= ABOUT THIS TASK =
In the records below, find the line holding "142 470 800 ₽3-к.квартира, 100.9 м², 10 эт."; copy it and every line after it to the end, omitting all images.

■ ■ ■ ■ ■ ■ ■

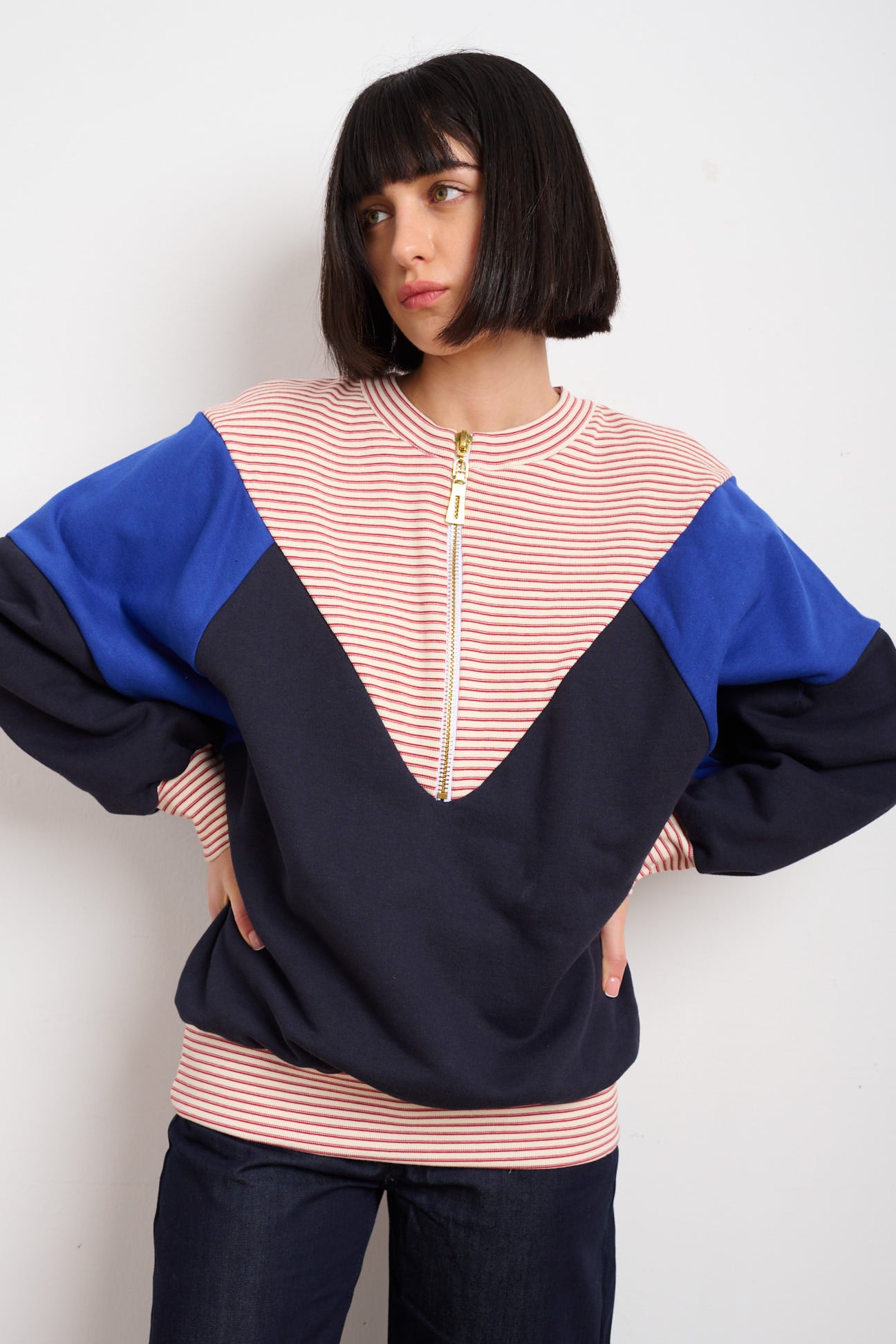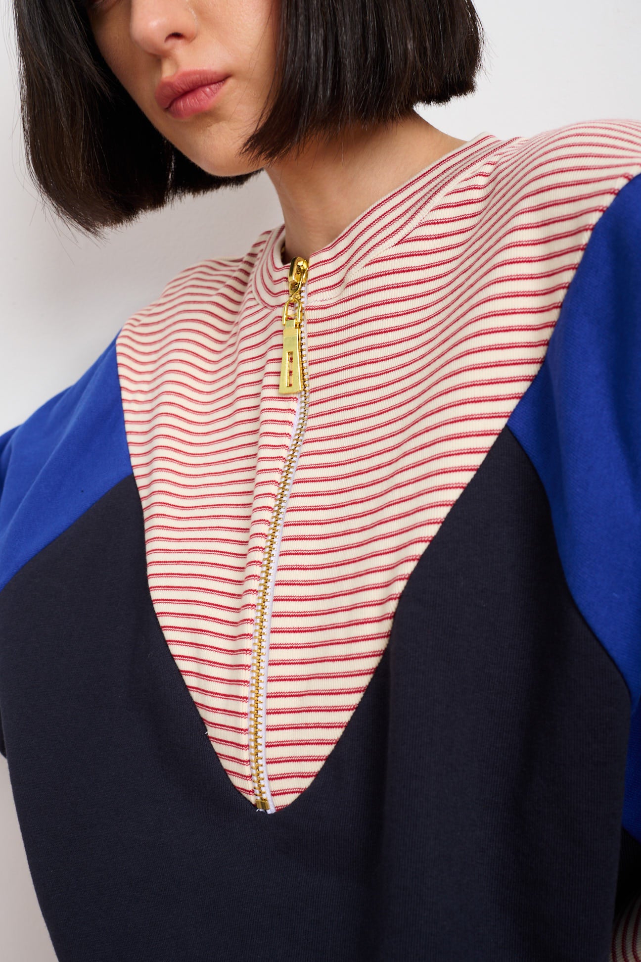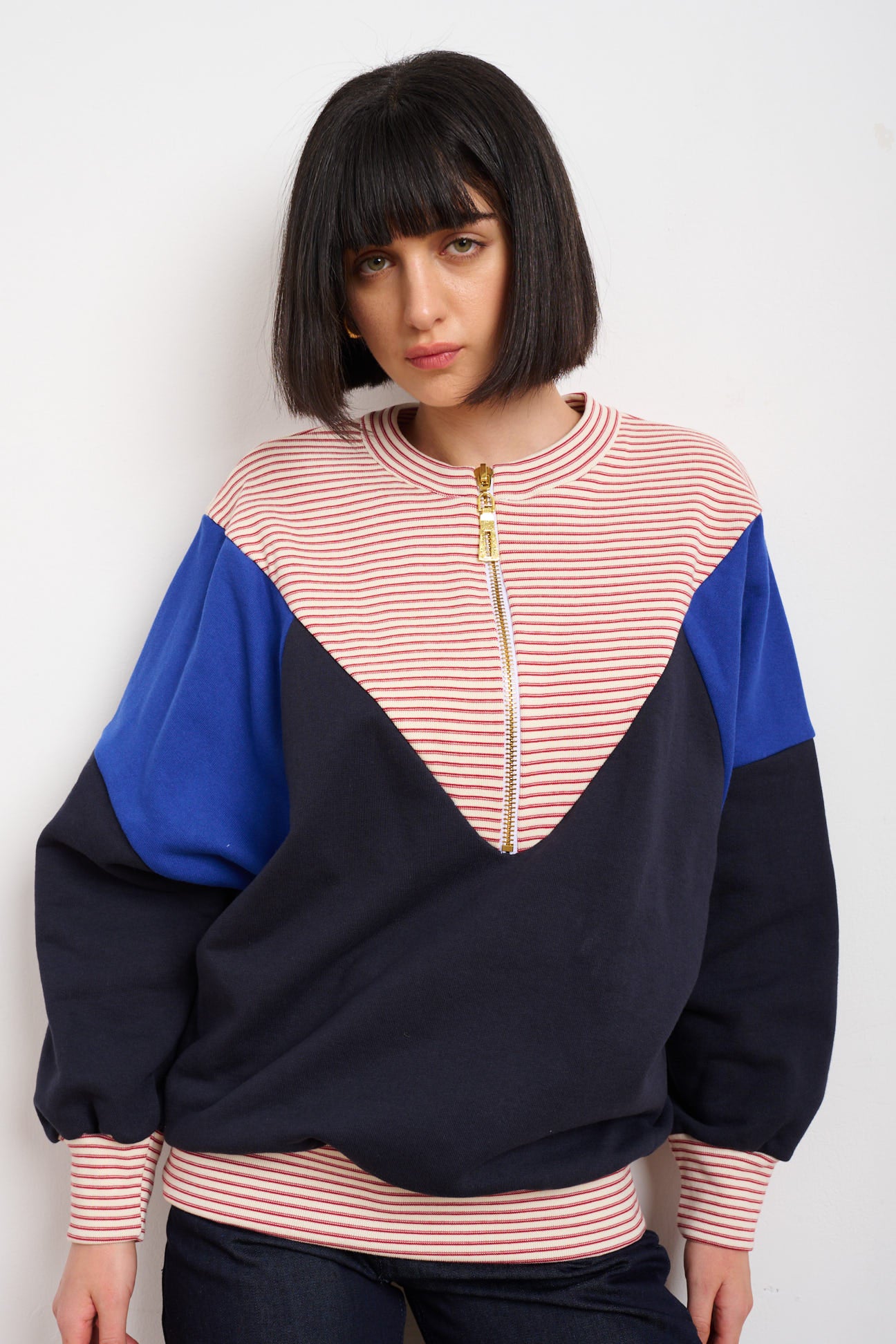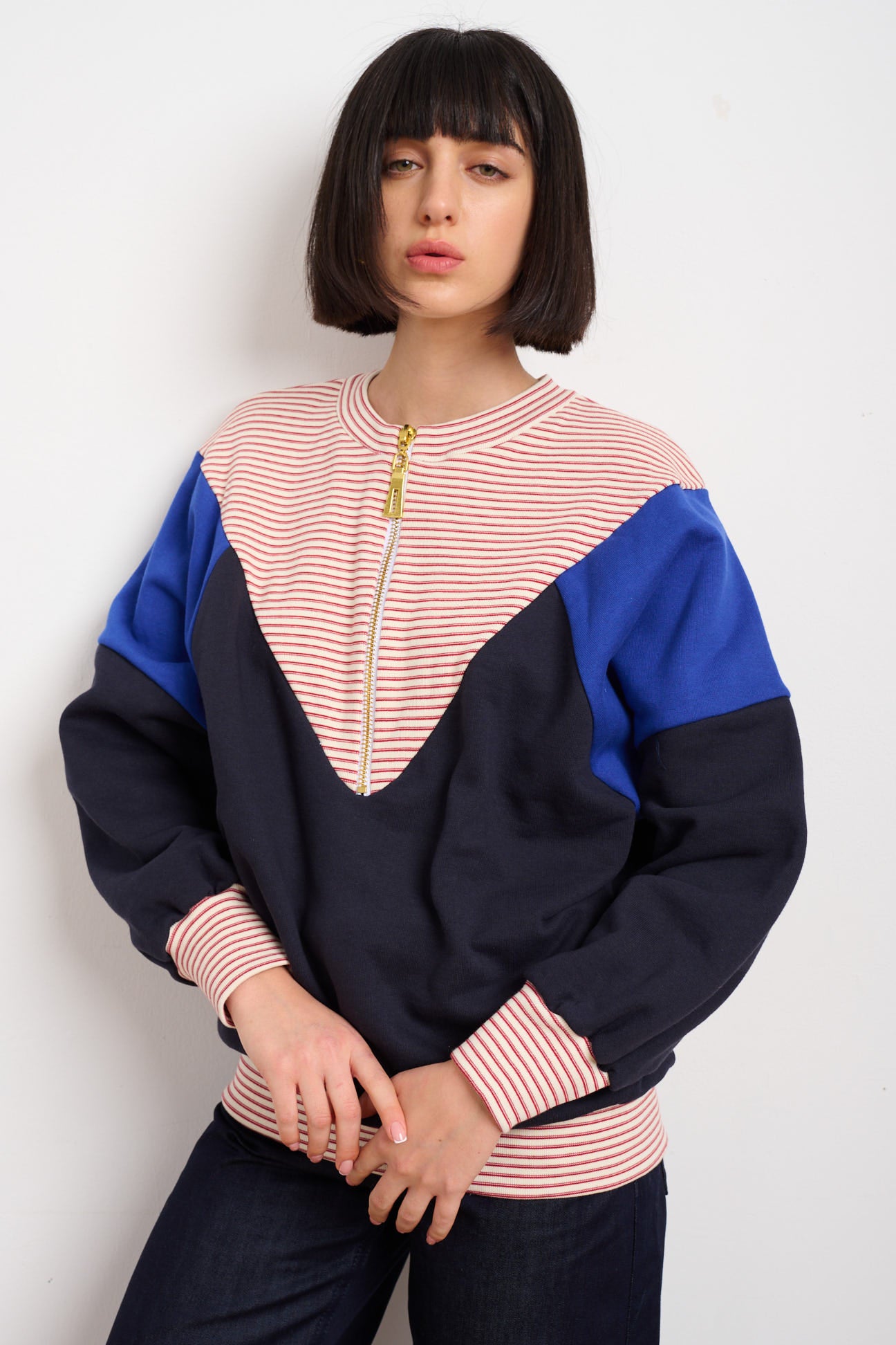כשסטייל ונוחות נפגשים – מקבלים סווטשירט פוטר בצבעי אדום, כחול ונייבי שמרים את מצב הרוח ברגע.
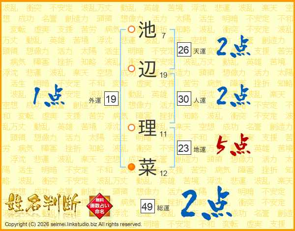 池辺理菜さんの総運は49画の2点!
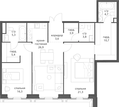 142 470 800 ₽3-к.квартира, 100.9 м², 10 эт.
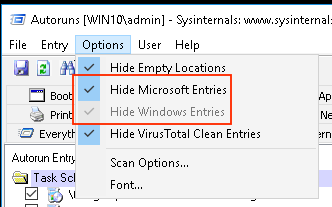 AutoRuns Default Settings Hide the "Microsoft" scheduled task
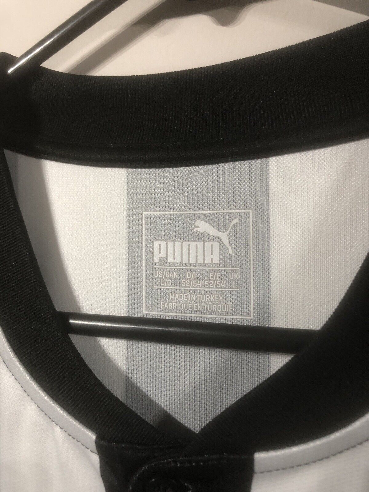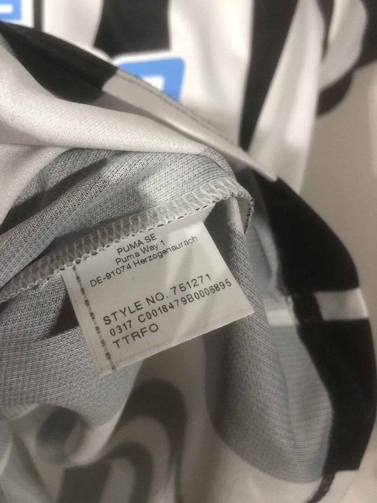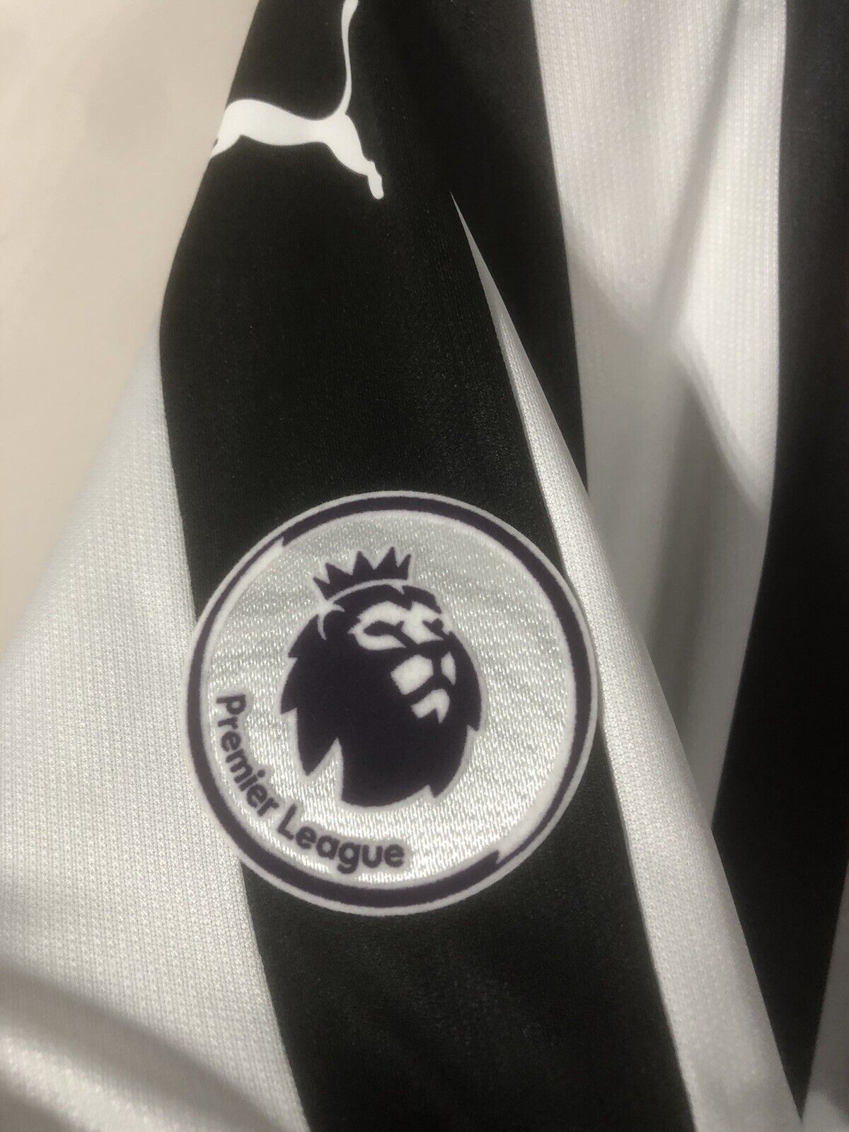 Show your support for Newcastle with this excellent condition 125 Gayle #9 2017/18 home football shirt. The shirt features short sleeves and a loose fit, making it suitable for adults in a size large. The shirt is made by PUMA, and has a product code of 751271 ensuring you receive a genuine item. This shirt has collar to hem measurements of 29 inches and pit to pit measurements of 21 inches. The shirt has an official Gayle #9 nameset & x2 Premier League patches. This shirt is suitable for wearing casually or at the match, so why not show your love for Newcastle by getting this shirt today.

■ ■ ■ ■ ■ ■ ■

= RESPONSE =
 142 470 800 ₽3-к.квартира, 100.9 м², 10 эт.
 AutoRuns Default Settings Hide the "Microsoft" scheduled task
 Show your support for Newcastle with this excellent condition 125 Gayle #9 2017/18 home football shirt. The shirt features short sleeves and a loose fit, making it suitable for adults in a size large. The shirt is made by PUMA, and has a product code of 751271 ensuring you receive a genuine item. This shirt has collar to hem measurements of 29 inches and pit to pit measurements of 21 inches. The shirt has an official Gayle #9 nameset & x2 Premier League patches. This shirt is suitable for wearing casually or at the match, so why not show your love for Newcastle by getting this shirt today.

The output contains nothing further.